[Work request]:
Exactly and only the lines below from the one containing "Francúzska dvojeurová (2" down to the one containing "交通局也同時盤點市內學校、醫" are wanted, both included; please exclude every picture.
##### Entries shown
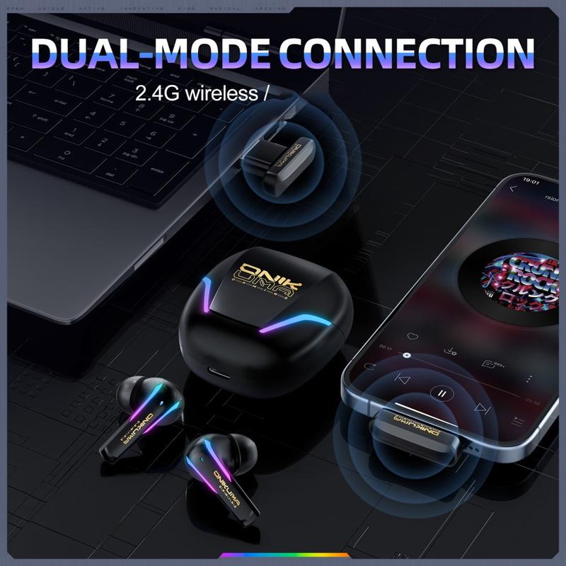 Level up your gaming and everyday listening with the ONIKUMA T27 true wireless earphones. Designed for players who want faster response and flexible connectivity, they support both 2.4G wireless and Bluetooth 5.3, giving you a low-latency setup for gaming and a convenient wireless option for music, calls, and daily use. The ergonomic shape is made for longer sessions, helping the earbuds stay comfortable whether you are gaming at home, commuting, or working out.
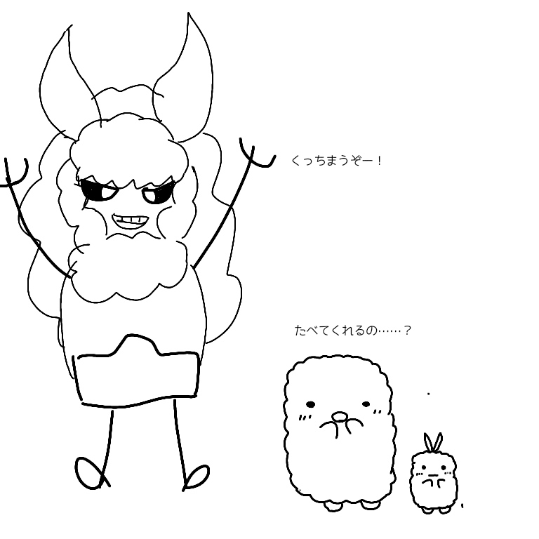 エミヤさん特製ドラゴンステーキ食べる?人間って狂気の渦中にいながらも何かを見出だすことができるんだなって思いました。(小太郎くんの人を見ながら)
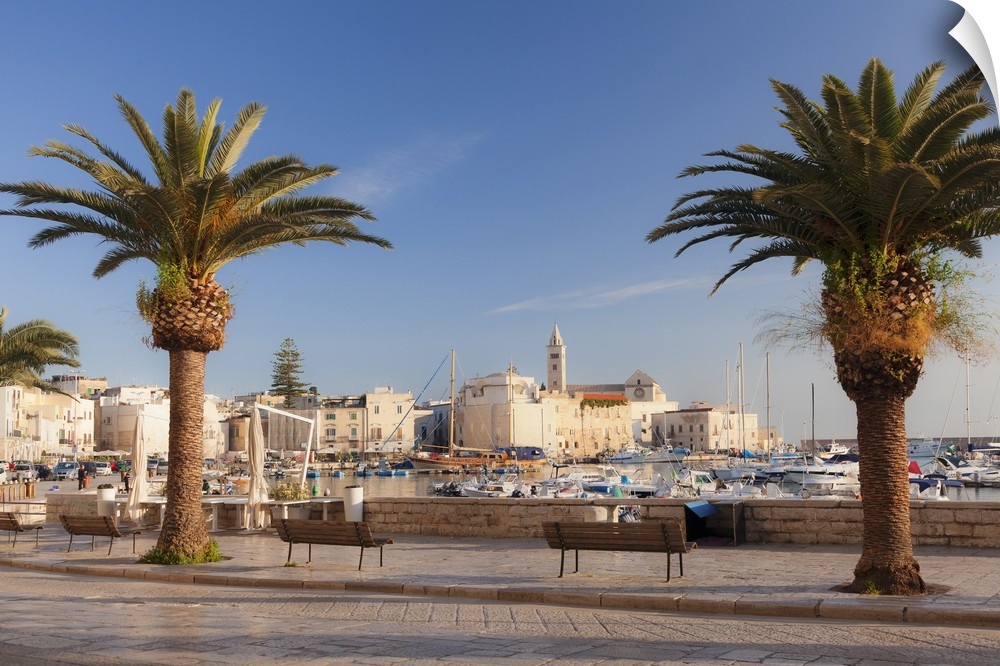 <p>View over the harbour to San Nicola Pellegrino cathedral, Trani, Le Murge, Barletta-Andria-Trani district, Puglia, Italy, Mediterranean, Europe</p>
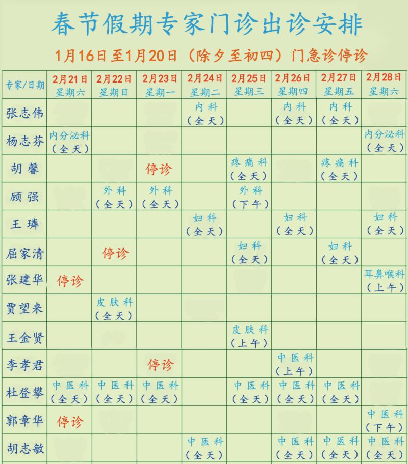其中2月21日起(初五)中医科、内分泌科专家门诊恢复正常;
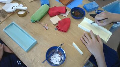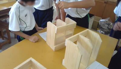 葦の渚学級では、作業教室で木工を行っていました。スマートフォン立ての制作が中心ですが、小物入れも同時に作っていました。こちらも完成間近です。
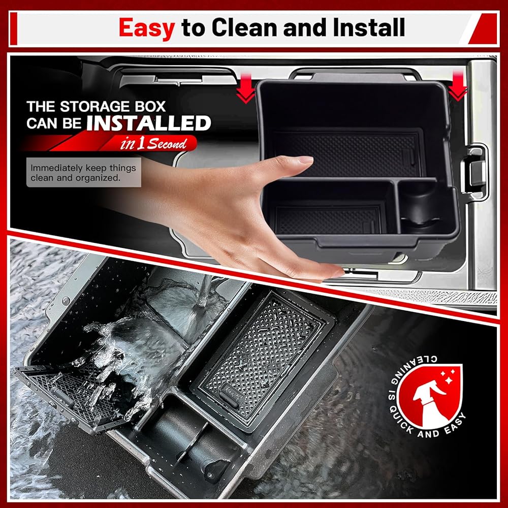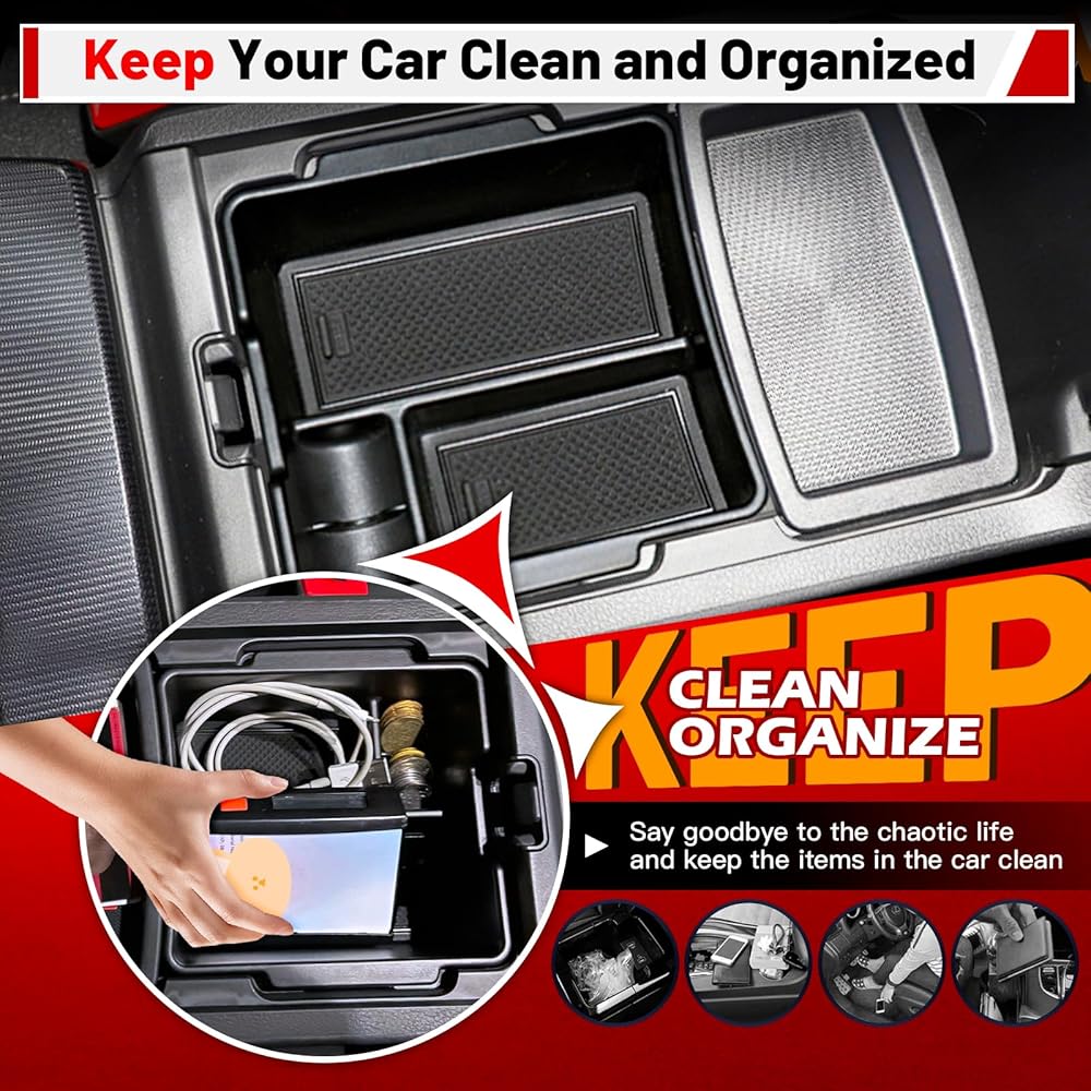 سهل التنظيف: مصنوع من مادة بلاستيك ABS عالية الجودة، صندوق التخزين هذا سهل التنظيف، مما يضمن الحصول على سيارة داخلية أنيقة ومرتبة في جميع الأوقات. من السهل أيضًا الحفاظ على المادة المقاومة للتآكل، مما يجعلها حلاً مفيدًا للحفاظ على تنظيم سيارتك.
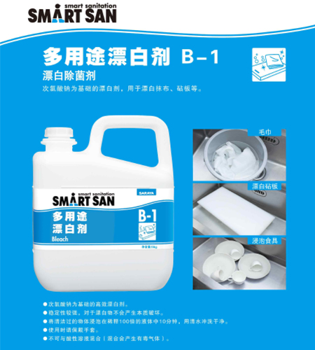 采用次氯酸钠作成份的食用级消毒剂,用于消毒砧板和餐具或漂白毛巾和表面。
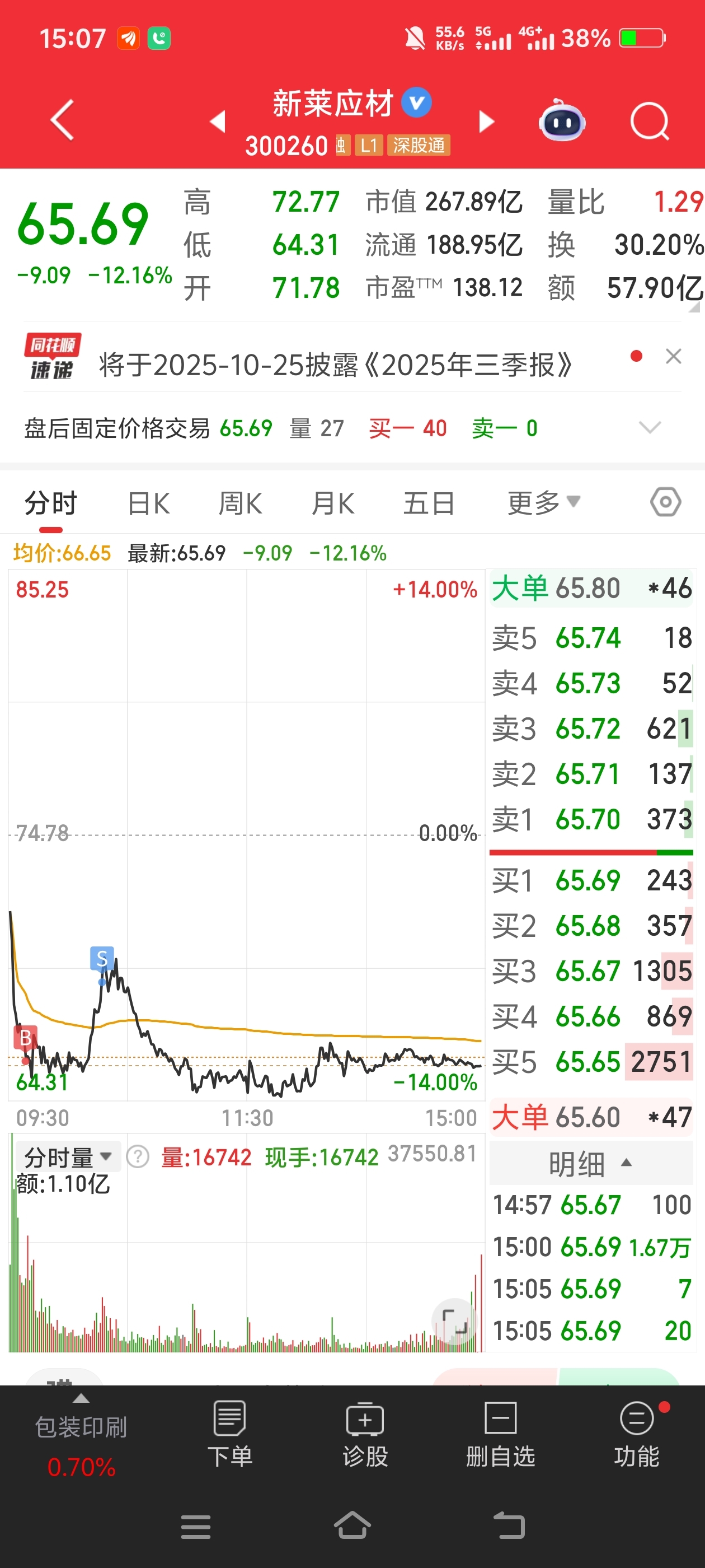 $新莱应材(SZ300260)$ 已老实。昨天下午一直在犹豫要不要走,结果还是贪婪了,选择了格局。本来是从从容容,游刃有余,结果现在是匆匆忙忙,连滚带爬。所幸买得早,利润还有不少,明天大概率继续格局,难道新莱到此为止了吗?我不信!!!
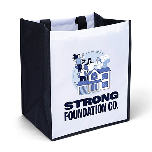 The Scott Heavy-Duty Polyester Tote (13W x 10 x 15H) is a 600-denier polyester bag with white front and back panels that offer a generous imprint area on both sides of the bag. The tote features a 28"-long black handle with black gussets and piping. The durable but affordable tote fabric is tear-resistant. Price includes full color imprint.
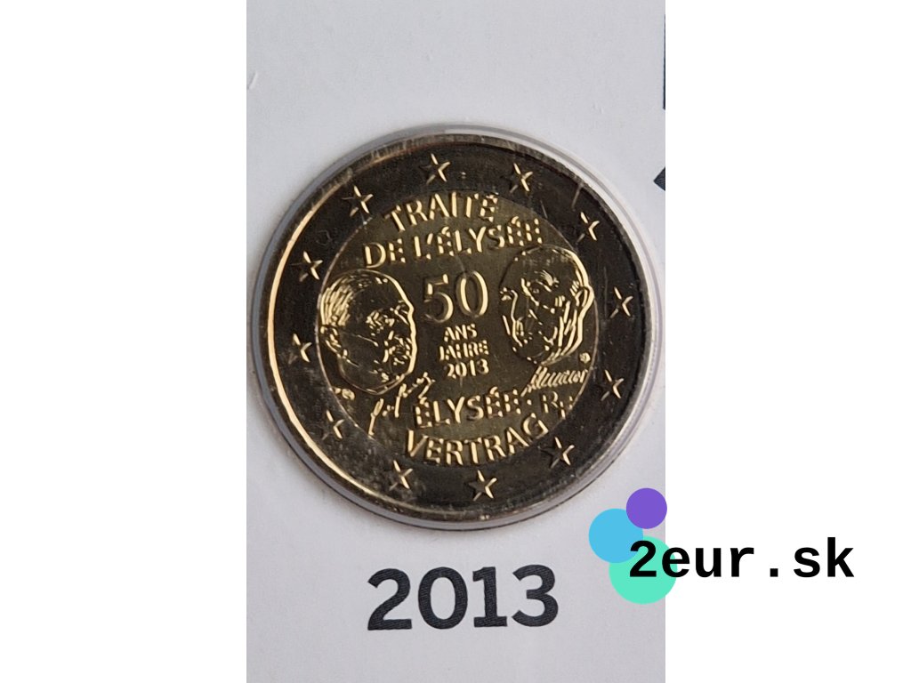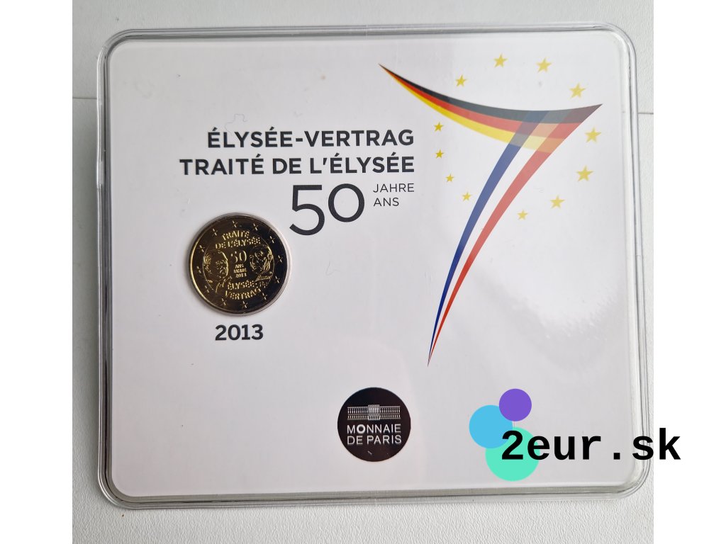 Francúzska dvojeurová (2 eurová) minca z roku 2013 pripomína 50. výročie Elyzejského zmluvy, ktorá upevnila spoluprácu medzi Francúzskom a Nemeckom. Motív mince zdôrazňuje význam tejto dohody pre mier a jednotu v Európe. Emisia podčiarkuje historický dopad Elyzejského zmluvy na politické a kultúrne vzťahy medzi oboma krajinami.
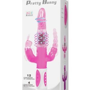 Véritable vibromasseur tout-en-un, Le vibro Pretty Bunny dispose de fonctions rotatives au niveau du gland et du corps principal (au niveau des billes) tandis que le stimulateur clitoridien et le stimulateur anal ont des fonctions vibrantes. Au total ce ne sont pas moins de 12 modes de vibration et 4 modes de rotation que vous pouvez régler simplement pour satisfaire vos envies.
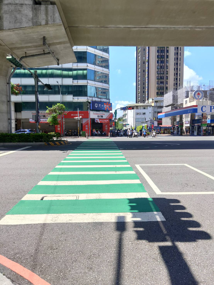 交通局也同時盤點市內學校、醫院、商圈、國民運動中心及20大公共運輸場站周邊的行人通行路口,辦理增設行人友善交通設施,包括號誌、行人專用或早開時相、相關設施與綠斑馬等,提升行人通行安全,目前已完成設置行人庇護島193處、退縮行穿線112處、標線型人行道127條、綠斑馬586處、123處行人專用時相及228處行人早開。
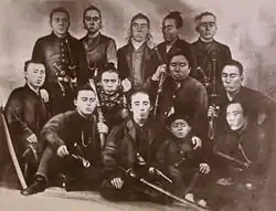 Tosa Jinshotai (迅衝隊) (Da esquerda na linha inferior: Ban Gondayu, Itagaki Taisuke, Tani Otoi (jovem rapaz), Yamachi Motoharu. Da esquerda na linha do meio: Tani Shigeki (Sinbei), Tani Tateki (Moribe), Yamada Kiyokado (Heizaemon), Yoshimoto Sukekatsu (Heinosuke). Da esquerda na linha superior: Kataoka Masumitsu (Kenkichi), Manabe Masayoshi (Kaisaku), Nishiyama Sakae, Kitamura Shigeyori (Chobei), Beppu Hikokuro.)
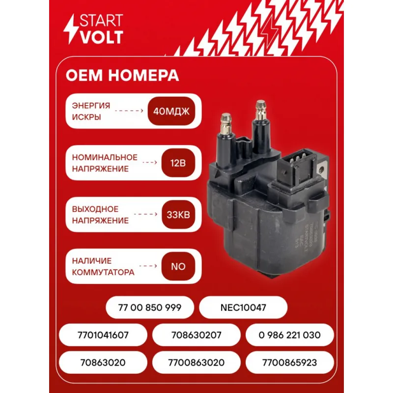 Катушка зажигания для автомобилей Renault Megane (95-) 1.6i/Volvo S40 (95-) 1.8i SC 0908 StartVolt
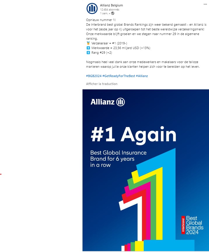 De Interbrand Best Global Brands rankings zijn weer bekend gemaakt - en Allianz is voor het zesde jaar op rij uitgeroepen tot het beste wereldwijze verzekeringsmerk!
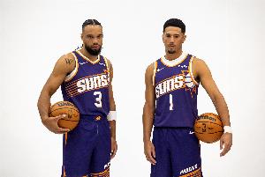 此役,狄龍打了22分鐘,9中4,三分4中1,罰球3中3,得到12分2籃板1助攻1搶斷,正負(fù)值+6;布克打了26分鐘,12中4,三分5中3,罰球8中7,得到18分5籃板5助攻1搶斷,正負(fù)值+14。
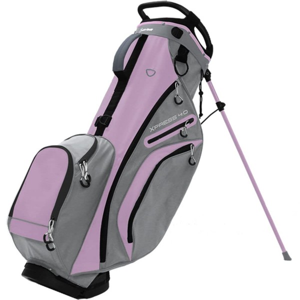 Xpress 4.0 stand bag - a perfect combination of lightweight and durability with a great look. The newly designed 6-way stand bag uses a lightweight, but very durable fabric. The top and the stand system are all reinforced to be strong and sturdy. A comfortable hip pad and a thick padded shoulder strap add even more comfort. With 6 pockets and an insulated water bottle sleeve, this bag has storage space for all your golfing
##########
[Solution to the exercise]:
 Francúzska dvojeurová (2 eurová) minca z roku 2013 pripomína 50. výročie Elyzejského zmluvy, ktorá upevnila spoluprácu medzi Francúzskom a Nemeckom. Motív mince zdôrazňuje význam tejto dohody pre mier a jednotu v Európe. Emisia podčiarkuje historický dopad Elyzejského zmluvy na politické a kultúrne vzťahy medzi oboma krajinami.
 Véritable vibromasseur tout-en-un, Le vibro Pretty Bunny dispose de fonctions rotatives au niveau du gland et du corps principal (au niveau des billes) tandis que le stimulateur clitoridien et le stimulateur anal ont des fonctions vibrantes. Au total ce ne sont pas moins de 12 modes de vibration et 4 modes de rotation que vous pouvez régler simplement pour satisfaire vos envies.
 交通局也同時盤點市內學校、醫院、商圈、國民運動中心及20大公共運輸場站周邊的行人通行路口,辦理增設行人友善交通設施,包括號誌、行人專用或早開時相、相關設施與綠斑馬等,提升行人通行安全,目前已完成設置行人庇護島193處、退縮行穿線112處、標線型人行道127條、綠斑馬586處、123處行人專用時相及228處行人早開。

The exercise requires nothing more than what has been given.